### TASK INSTRUCTIONS
All lines from the one with "Diamond Susan Nameplate" onward, through the last line of the records below, are to be retyped word for word.

RECORDS SUPPLIED START

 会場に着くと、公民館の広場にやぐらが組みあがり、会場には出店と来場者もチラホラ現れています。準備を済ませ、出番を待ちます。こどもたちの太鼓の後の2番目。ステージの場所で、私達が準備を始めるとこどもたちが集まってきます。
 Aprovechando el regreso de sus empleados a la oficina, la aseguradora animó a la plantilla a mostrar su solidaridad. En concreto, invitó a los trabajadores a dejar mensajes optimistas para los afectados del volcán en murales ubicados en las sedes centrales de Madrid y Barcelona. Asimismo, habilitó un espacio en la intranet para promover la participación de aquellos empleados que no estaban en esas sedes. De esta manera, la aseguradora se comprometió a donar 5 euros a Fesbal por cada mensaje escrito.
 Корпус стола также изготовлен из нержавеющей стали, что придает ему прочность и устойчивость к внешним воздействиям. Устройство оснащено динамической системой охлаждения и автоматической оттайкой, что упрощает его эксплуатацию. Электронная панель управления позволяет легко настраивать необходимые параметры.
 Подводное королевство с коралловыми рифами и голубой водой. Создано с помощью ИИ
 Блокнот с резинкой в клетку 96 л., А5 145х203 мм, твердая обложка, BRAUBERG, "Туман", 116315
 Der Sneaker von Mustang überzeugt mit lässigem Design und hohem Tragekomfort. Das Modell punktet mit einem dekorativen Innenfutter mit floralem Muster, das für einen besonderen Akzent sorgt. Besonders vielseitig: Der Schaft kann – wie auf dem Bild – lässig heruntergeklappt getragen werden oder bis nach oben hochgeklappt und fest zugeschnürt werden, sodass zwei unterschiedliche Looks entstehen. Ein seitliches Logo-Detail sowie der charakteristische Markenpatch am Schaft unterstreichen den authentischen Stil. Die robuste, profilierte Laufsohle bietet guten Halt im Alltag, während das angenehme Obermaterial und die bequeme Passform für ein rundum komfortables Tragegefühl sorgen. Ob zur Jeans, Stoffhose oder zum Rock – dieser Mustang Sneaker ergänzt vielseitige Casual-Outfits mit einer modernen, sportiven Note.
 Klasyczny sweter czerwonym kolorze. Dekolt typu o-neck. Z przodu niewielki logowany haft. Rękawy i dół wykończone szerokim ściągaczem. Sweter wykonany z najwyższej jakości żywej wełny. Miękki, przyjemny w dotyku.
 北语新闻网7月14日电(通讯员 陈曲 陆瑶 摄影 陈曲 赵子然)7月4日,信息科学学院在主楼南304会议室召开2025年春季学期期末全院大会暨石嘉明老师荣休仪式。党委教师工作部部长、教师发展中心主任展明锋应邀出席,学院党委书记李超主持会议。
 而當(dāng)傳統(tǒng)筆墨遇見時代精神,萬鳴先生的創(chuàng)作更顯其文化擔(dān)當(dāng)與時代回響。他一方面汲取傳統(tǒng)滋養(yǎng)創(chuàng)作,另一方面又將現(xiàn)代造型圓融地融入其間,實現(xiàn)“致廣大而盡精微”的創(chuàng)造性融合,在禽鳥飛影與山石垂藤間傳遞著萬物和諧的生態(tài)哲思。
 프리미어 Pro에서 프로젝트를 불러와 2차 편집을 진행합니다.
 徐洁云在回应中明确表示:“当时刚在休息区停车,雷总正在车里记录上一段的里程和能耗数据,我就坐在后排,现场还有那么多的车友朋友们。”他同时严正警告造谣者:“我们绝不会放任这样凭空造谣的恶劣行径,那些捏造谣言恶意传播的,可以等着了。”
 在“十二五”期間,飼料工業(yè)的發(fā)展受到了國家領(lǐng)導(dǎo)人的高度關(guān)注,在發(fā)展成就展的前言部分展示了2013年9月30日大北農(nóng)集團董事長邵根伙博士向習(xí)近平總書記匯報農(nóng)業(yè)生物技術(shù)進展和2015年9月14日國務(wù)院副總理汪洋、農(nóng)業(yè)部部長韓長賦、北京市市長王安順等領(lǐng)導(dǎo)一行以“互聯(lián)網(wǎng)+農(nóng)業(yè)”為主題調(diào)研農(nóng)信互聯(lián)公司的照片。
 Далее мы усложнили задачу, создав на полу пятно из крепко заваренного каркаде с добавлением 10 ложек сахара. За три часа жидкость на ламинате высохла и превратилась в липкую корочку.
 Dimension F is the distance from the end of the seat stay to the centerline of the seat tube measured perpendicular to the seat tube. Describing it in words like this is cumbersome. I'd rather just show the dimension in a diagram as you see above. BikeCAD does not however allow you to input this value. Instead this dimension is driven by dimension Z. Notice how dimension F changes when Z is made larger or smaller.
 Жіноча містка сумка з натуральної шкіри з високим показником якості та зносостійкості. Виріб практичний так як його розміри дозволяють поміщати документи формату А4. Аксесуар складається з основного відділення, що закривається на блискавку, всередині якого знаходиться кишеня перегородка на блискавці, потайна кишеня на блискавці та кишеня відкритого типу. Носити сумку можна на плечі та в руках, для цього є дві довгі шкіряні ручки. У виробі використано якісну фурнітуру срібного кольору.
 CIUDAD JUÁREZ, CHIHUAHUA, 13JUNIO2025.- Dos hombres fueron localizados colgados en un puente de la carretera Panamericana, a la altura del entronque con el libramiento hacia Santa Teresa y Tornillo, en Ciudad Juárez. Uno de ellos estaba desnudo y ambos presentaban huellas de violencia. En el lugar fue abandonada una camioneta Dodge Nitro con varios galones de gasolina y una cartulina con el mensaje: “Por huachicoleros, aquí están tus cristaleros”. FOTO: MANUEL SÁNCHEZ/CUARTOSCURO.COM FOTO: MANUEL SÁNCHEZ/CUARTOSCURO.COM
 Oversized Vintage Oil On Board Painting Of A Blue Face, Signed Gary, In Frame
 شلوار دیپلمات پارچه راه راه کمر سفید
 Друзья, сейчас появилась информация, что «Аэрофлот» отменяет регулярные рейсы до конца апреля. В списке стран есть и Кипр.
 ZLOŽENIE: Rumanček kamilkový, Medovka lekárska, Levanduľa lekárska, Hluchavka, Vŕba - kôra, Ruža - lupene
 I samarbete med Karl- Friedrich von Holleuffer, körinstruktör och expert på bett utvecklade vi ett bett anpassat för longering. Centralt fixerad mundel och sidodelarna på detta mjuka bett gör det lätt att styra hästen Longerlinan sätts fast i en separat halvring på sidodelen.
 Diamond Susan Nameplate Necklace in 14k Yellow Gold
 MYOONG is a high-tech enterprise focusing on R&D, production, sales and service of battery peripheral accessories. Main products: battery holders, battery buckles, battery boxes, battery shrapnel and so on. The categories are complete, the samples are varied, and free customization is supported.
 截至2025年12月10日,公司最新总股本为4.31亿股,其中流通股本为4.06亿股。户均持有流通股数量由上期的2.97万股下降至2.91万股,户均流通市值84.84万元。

RECORDS SUPPLIED END

### SOLVED EXERCISE
 Diamond Susan Nameplate Necklace in 14k Yellow Gold
 MYOONG is a high-tech enterprise focusing on R&D, production, sales and service of battery peripheral accessories. Main products: battery holders, battery buckles, battery boxes, battery shrapnel and so on. The categories are complete, the samples are varied, and free customization is supported.
 截至2025年12月10日,公司最新总股本为4.31亿股,其中流通股本为4.06亿股。户均持有流通股数量由上期的2.97万股下降至2.91万股,户均流通市值84.84万元。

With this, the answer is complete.